▶ _WHAT YOU WILL DO_: Note on the material below: return exactly the lines from the line that holds "T3560夏季高级感新款韩版设计感刺绣字母圆领短袖T恤百搭宽松简约上衣" through the line that holds "3月29日,人們在會場內(nèi)等待品嘗咖啡。", and leave out each picture.

[[ AVAILABLE DATA, beginning ]]

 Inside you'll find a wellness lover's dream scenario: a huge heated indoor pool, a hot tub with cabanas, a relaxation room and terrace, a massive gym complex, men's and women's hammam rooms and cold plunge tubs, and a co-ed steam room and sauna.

[[ AVAILABLE DATA, end ]]
[[ AVAILABLE DATA, beginning ]]

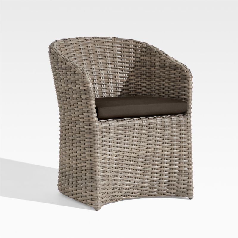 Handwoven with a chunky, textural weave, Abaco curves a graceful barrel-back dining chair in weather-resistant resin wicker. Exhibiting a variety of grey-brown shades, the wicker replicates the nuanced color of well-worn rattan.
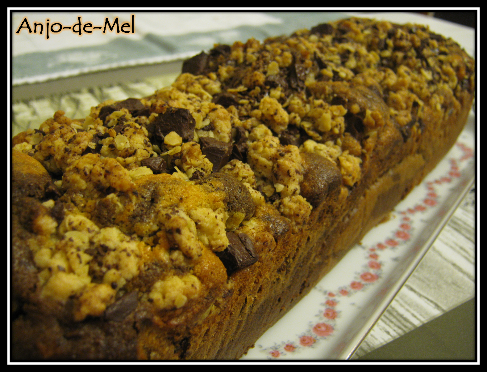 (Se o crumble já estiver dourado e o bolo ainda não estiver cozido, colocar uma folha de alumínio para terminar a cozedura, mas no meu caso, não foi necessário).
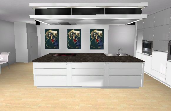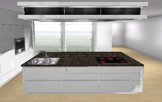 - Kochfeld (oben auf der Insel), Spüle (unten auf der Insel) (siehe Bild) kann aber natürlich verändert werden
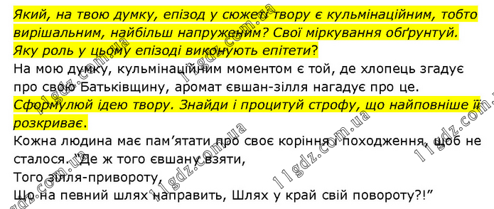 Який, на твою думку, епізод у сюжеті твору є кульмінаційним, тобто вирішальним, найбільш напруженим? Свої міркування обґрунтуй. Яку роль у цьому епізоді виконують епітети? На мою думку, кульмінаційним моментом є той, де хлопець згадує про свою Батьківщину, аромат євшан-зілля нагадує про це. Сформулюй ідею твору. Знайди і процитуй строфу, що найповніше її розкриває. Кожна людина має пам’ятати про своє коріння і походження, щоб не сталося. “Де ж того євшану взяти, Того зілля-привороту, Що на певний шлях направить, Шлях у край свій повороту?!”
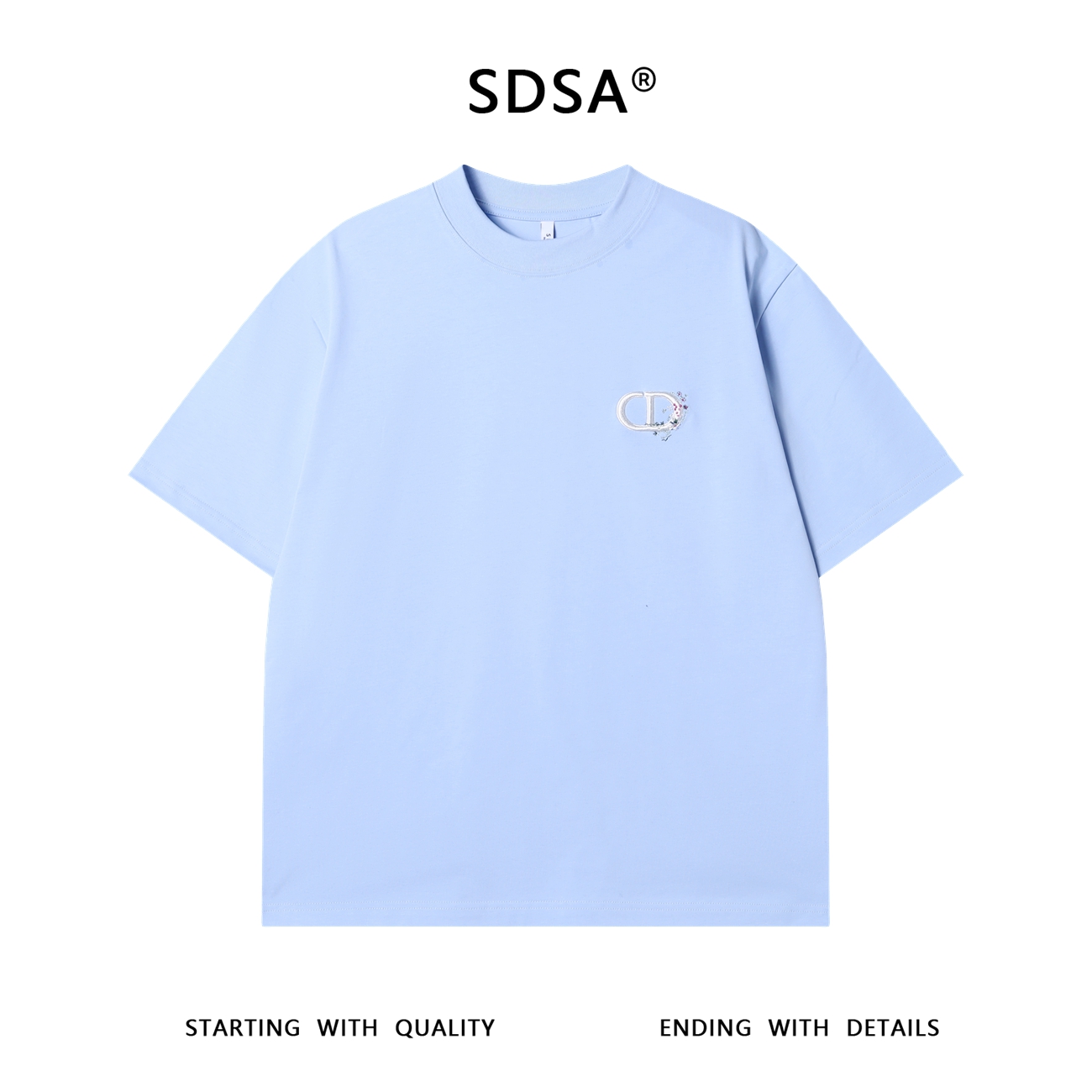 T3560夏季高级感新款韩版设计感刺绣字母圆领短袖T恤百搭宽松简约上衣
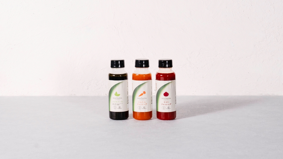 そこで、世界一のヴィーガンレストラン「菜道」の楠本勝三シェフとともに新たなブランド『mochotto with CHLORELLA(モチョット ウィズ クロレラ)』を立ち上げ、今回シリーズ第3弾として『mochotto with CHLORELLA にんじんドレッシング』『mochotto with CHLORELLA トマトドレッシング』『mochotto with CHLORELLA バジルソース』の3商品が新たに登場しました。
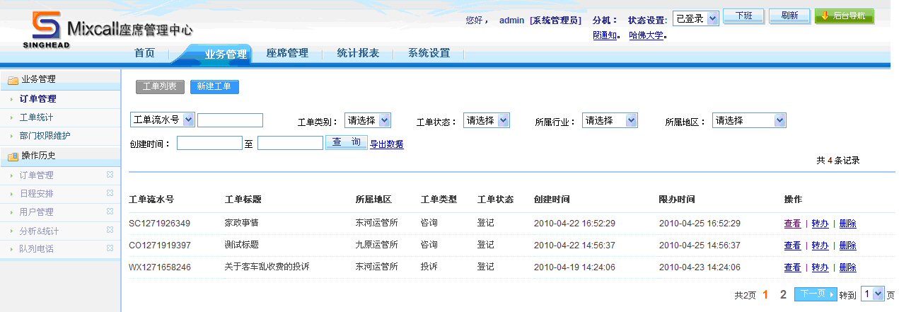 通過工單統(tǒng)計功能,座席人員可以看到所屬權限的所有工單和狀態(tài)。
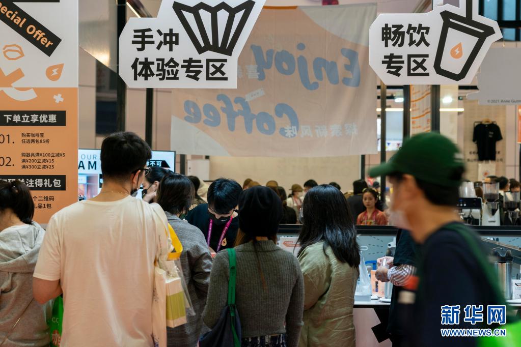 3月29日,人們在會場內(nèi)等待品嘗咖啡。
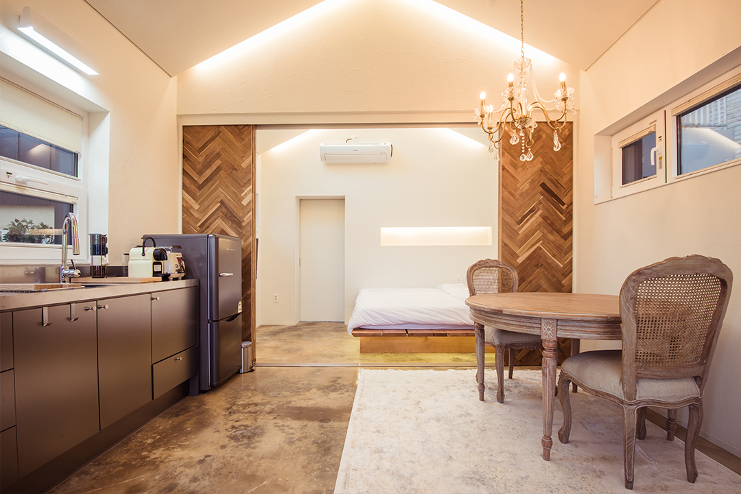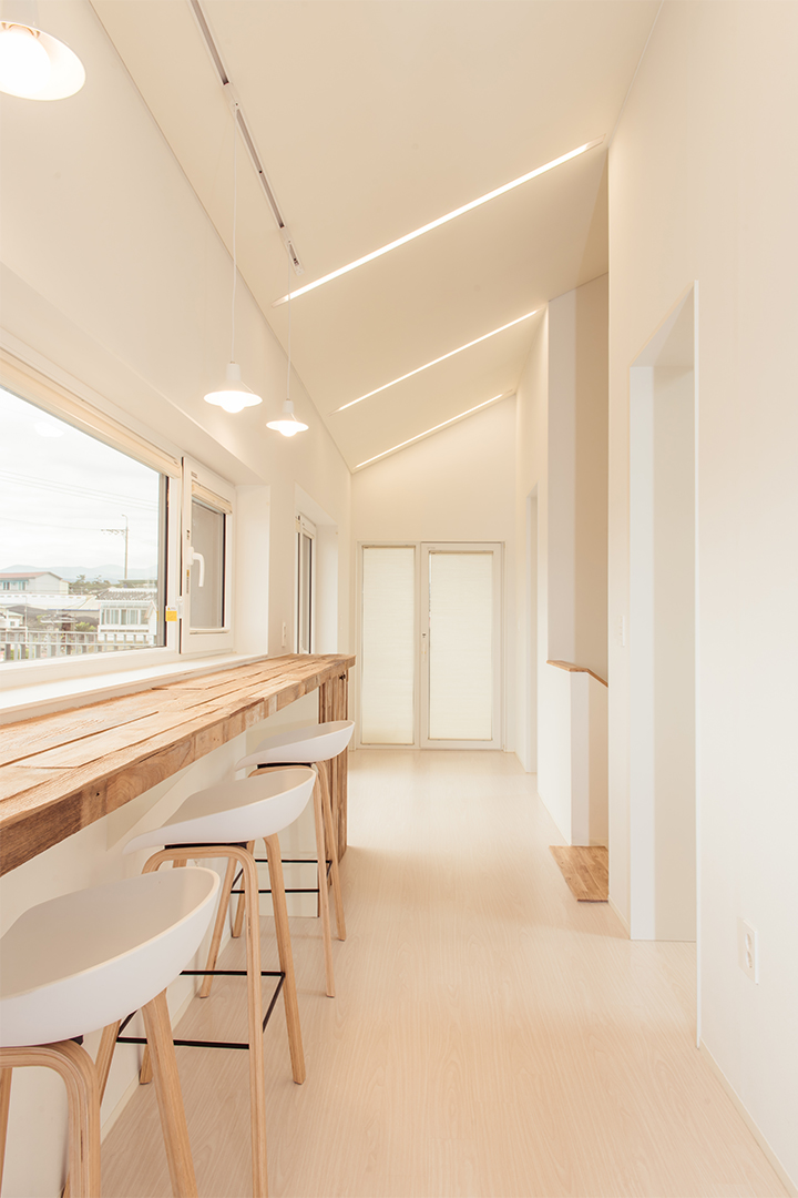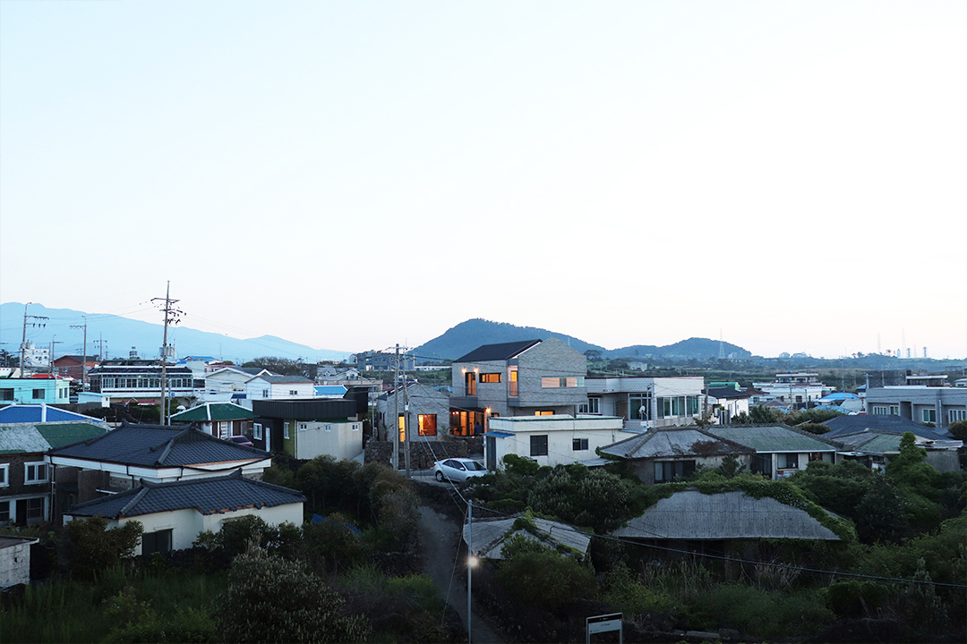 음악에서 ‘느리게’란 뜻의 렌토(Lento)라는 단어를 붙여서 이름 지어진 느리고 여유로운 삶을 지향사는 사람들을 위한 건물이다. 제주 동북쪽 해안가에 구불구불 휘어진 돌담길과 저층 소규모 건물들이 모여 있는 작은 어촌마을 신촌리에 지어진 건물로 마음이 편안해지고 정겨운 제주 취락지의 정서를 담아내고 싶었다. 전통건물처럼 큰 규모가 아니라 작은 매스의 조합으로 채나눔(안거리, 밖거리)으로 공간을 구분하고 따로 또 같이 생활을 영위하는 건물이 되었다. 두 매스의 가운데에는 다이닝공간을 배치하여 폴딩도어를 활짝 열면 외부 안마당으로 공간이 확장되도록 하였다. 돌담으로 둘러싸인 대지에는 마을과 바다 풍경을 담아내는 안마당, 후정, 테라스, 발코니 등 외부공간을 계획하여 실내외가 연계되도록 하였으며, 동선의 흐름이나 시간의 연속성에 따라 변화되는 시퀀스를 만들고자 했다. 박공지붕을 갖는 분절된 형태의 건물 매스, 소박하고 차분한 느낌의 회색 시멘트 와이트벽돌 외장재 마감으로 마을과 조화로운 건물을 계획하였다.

[[ AVAILABLE DATA, end ]]

▶ _FINISHED EXERCISE_:
 T3560夏季高级感新款韩版设计感刺绣字母圆领短袖T恤百搭宽松简约上衣
 そこで、世界一のヴィーガンレストラン「菜道」の楠本勝三シェフとともに新たなブランド『mochotto with CHLORELLA(モチョット ウィズ クロレラ)』を立ち上げ、今回シリーズ第3弾として『mochotto with CHLORELLA にんじんドレッシング』『mochotto with CHLORELLA トマトドレッシング』『mochotto with CHLORELLA バジルソース』の3商品が新たに登場しました。
 通過工單統(tǒng)計功能,座席人員可以看到所屬權限的所有工單和狀態(tài)。
 3月29日,人們在會場內(nèi)等待品嘗咖啡。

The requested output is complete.